→ **REQUIRED ACTION**
Output, word for word, the lines of this listing that fall between the line with "Отель находится в" and the line with "ทุกวัน เพื่อสืบสานพระราชปณิธาน สมเด็จพระนางเจ้าสิริกิติ์", counting both of those lines, and no others.

→ **MATERIAL TO PROCESS**

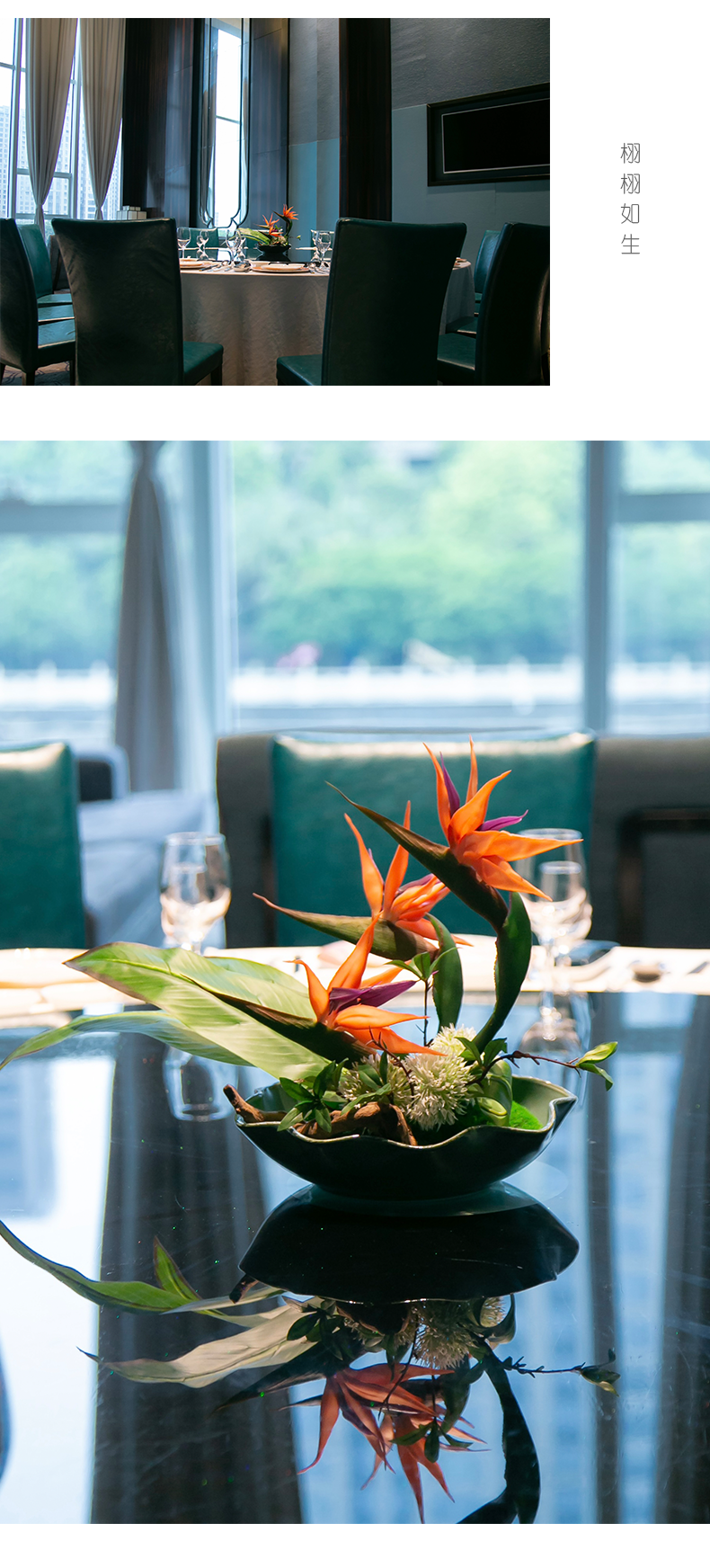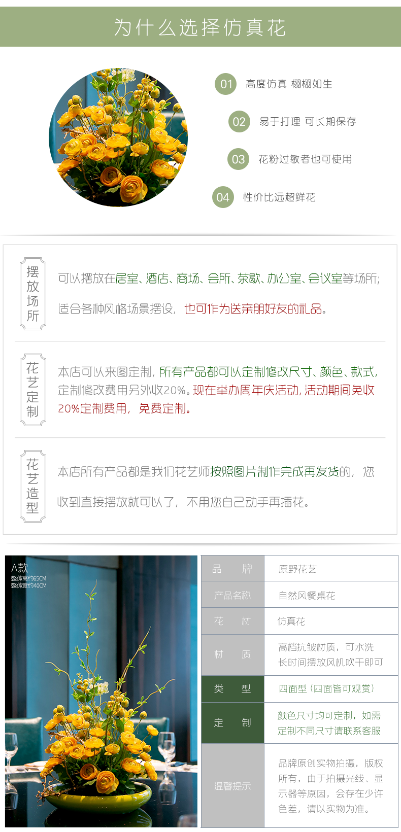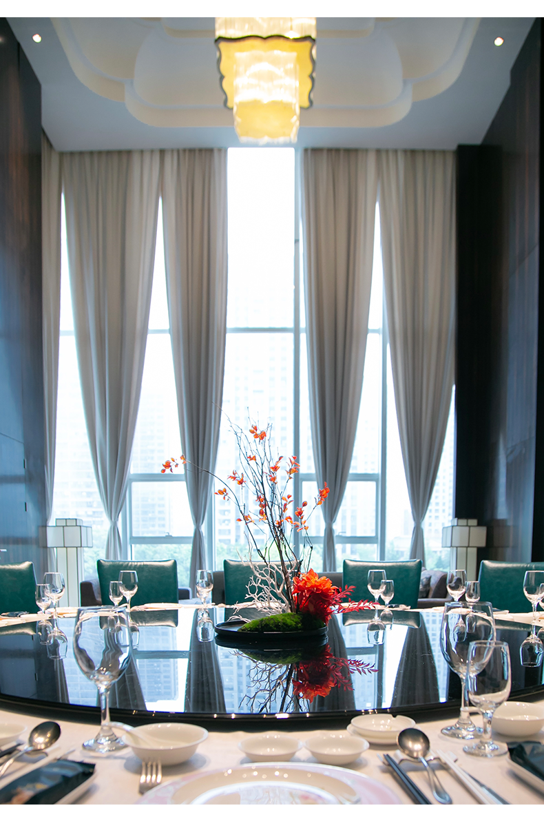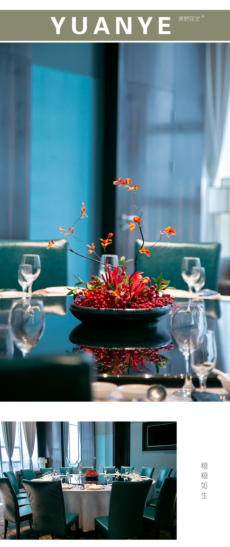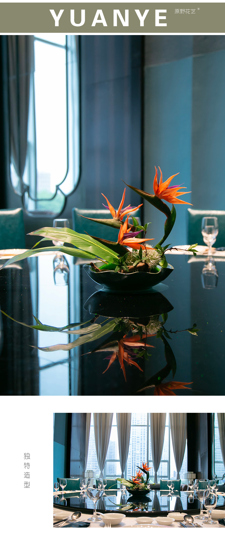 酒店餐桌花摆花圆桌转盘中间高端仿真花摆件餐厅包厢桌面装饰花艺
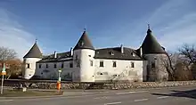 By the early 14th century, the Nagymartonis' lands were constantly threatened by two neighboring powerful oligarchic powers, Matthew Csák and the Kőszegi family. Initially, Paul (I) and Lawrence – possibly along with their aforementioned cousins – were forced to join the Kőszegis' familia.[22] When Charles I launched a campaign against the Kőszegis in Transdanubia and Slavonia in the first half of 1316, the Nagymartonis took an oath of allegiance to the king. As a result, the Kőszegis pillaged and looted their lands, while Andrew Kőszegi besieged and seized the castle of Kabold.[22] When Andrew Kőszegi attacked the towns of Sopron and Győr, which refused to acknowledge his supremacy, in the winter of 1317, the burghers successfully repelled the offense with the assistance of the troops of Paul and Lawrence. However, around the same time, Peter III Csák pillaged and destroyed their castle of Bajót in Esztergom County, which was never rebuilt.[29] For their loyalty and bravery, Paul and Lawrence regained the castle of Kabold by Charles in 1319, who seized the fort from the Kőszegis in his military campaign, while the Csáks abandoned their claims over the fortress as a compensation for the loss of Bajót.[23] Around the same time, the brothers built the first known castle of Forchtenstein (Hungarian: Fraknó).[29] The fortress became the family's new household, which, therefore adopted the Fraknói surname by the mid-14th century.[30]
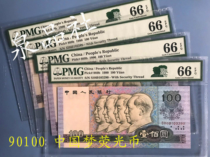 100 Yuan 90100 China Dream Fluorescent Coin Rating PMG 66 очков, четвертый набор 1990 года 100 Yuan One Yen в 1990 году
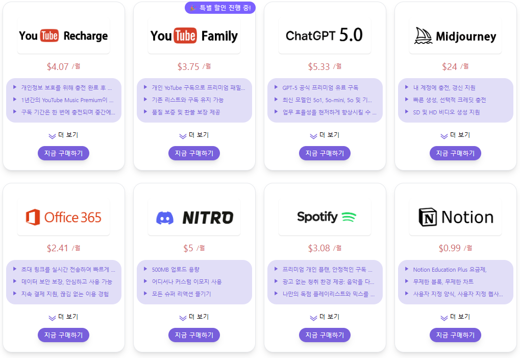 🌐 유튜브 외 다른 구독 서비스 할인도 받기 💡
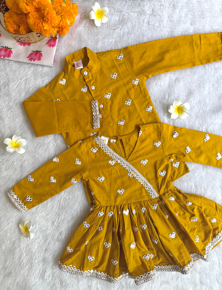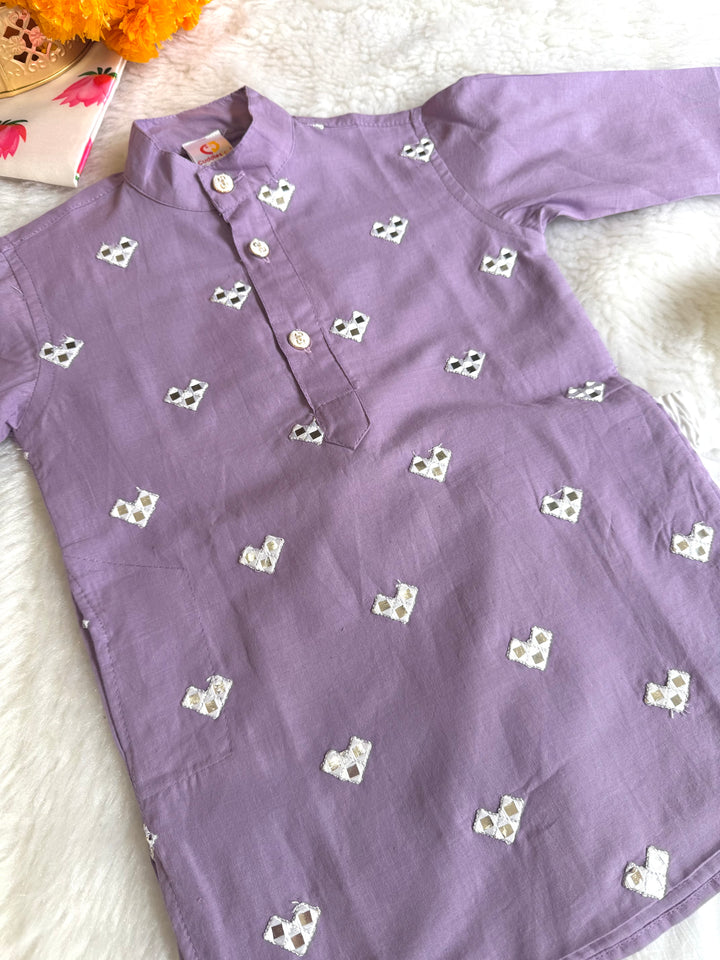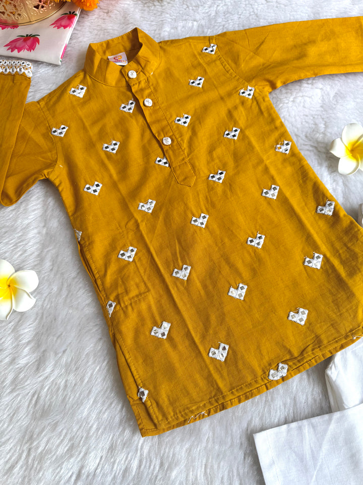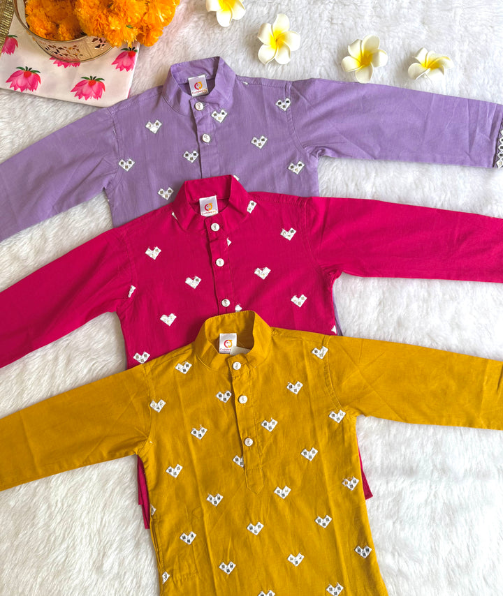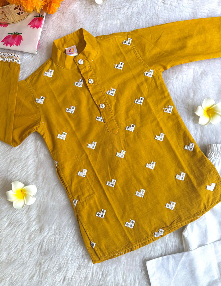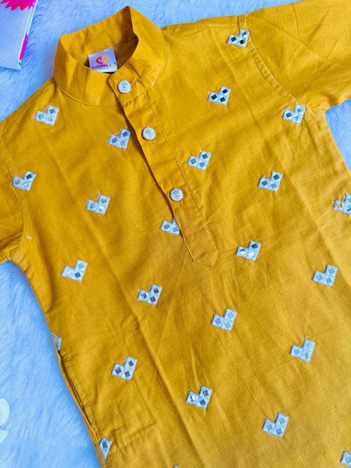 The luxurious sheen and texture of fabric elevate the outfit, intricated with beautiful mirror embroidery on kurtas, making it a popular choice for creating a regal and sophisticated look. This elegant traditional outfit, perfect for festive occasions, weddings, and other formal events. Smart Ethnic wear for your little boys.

...

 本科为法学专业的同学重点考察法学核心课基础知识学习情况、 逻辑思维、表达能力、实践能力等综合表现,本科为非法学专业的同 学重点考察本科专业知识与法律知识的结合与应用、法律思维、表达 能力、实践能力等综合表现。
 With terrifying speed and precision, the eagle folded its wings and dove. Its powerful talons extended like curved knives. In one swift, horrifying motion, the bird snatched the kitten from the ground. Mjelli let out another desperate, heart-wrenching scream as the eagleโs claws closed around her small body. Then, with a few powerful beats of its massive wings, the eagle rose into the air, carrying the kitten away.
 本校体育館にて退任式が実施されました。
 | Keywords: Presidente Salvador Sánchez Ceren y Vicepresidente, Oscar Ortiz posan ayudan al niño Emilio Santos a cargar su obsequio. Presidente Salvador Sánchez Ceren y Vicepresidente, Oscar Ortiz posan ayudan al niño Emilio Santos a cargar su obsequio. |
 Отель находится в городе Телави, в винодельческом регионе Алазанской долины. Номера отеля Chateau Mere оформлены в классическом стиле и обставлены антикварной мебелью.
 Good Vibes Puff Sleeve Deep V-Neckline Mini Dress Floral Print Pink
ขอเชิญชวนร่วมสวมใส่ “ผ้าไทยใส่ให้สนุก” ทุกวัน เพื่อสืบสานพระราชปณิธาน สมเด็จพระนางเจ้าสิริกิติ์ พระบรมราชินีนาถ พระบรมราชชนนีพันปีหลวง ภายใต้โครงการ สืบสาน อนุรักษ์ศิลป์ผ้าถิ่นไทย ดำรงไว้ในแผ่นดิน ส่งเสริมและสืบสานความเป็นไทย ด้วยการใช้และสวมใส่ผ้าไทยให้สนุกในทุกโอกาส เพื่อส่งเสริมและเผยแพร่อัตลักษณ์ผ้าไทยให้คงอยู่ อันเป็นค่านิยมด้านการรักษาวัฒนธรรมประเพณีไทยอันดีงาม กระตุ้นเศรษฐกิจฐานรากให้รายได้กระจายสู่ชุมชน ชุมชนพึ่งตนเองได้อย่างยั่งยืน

...

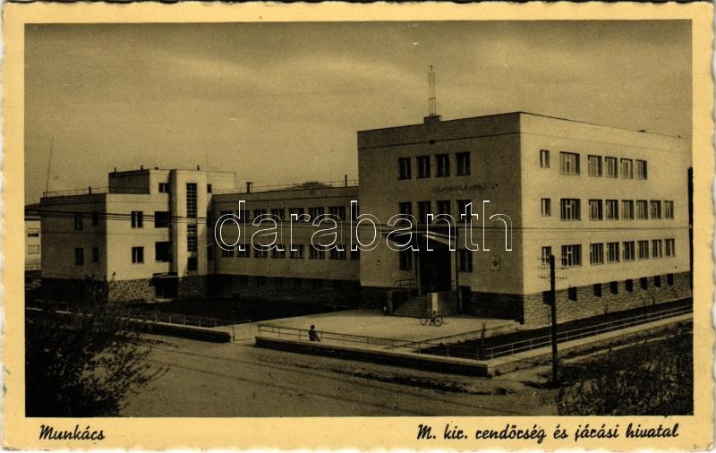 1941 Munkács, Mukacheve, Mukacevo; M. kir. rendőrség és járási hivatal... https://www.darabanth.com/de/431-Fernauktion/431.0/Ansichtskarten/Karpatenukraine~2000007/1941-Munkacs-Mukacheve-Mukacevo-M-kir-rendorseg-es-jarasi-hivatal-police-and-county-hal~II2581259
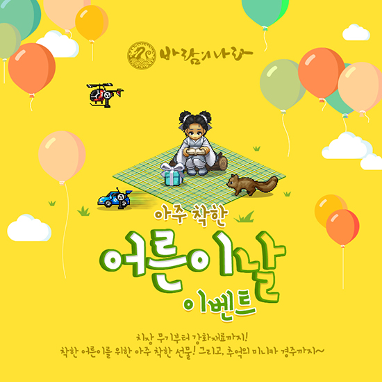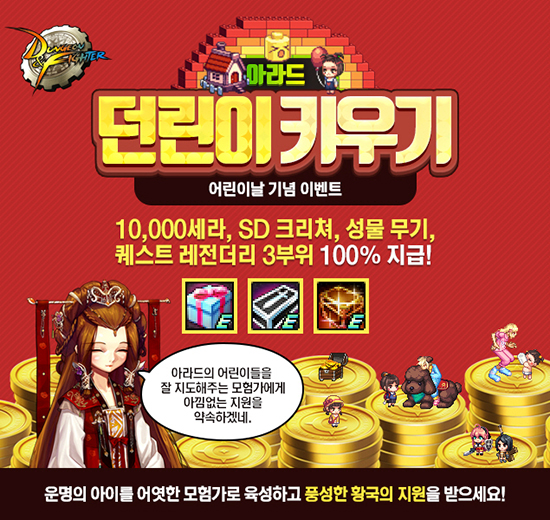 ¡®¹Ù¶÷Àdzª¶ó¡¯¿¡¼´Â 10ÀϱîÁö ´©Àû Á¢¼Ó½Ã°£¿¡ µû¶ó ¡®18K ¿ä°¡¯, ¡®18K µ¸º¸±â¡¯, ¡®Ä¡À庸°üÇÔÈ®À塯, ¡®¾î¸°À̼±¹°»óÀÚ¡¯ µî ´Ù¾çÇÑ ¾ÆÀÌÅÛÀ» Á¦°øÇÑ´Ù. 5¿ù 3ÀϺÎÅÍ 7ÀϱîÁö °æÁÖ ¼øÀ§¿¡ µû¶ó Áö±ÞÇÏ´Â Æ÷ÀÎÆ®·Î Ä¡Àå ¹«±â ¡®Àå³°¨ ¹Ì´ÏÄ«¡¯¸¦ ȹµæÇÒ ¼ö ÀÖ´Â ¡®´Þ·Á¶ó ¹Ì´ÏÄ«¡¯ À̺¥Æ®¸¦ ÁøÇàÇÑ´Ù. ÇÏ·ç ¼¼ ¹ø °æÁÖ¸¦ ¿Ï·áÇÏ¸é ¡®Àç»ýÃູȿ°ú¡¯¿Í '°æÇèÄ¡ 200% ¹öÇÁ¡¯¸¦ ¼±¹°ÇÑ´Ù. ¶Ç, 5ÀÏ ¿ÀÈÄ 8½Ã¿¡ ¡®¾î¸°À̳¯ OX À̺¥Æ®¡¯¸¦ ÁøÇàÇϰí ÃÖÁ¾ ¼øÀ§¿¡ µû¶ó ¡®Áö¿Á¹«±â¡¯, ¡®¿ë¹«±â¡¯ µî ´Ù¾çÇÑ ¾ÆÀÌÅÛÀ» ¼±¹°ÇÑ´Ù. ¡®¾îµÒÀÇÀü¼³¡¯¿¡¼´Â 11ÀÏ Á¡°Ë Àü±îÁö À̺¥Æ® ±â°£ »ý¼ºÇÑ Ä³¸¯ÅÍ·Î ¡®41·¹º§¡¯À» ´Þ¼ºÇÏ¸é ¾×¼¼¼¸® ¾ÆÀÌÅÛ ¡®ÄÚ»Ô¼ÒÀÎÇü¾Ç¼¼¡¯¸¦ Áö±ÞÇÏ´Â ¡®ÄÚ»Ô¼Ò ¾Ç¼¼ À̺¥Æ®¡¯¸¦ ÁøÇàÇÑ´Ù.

→ **EXERCISE OUTPUT**
 Отель находится в городе Телави, в винодельческом регионе Алазанской долины. Номера отеля Chateau Mere оформлены в классическом стиле и обставлены антикварной мебелью.
 Good Vibes Puff Sleeve Deep V-Neckline Mini Dress Floral Print Pink
ขอเชิญชวนร่วมสวมใส่ “ผ้าไทยใส่ให้สนุก” ทุกวัน เพื่อสืบสานพระราชปณิธาน สมเด็จพระนางเจ้าสิริกิติ์ พระบรมราชินีนาถ พระบรมราชชนนีพันปีหลวง ภายใต้โครงการ สืบสาน อนุรักษ์ศิลป์ผ้าถิ่นไทย ดำรงไว้ในแผ่นดิน ส่งเสริมและสืบสานความเป็นไทย ด้วยการใช้และสวมใส่ผ้าไทยให้สนุกในทุกโอกาส เพื่อส่งเสริมและเผยแพร่อัตลักษณ์ผ้าไทยให้คงอยู่ อันเป็นค่านิยมด้านการรักษาวัฒนธรรมประเพณีไทยอันดีงาม กระตุ้นเศรษฐกิจฐานรากให้รายได้กระจายสู่ชุมชน ชุมชนพึ่งตนเองได้อย่างยั่งยืน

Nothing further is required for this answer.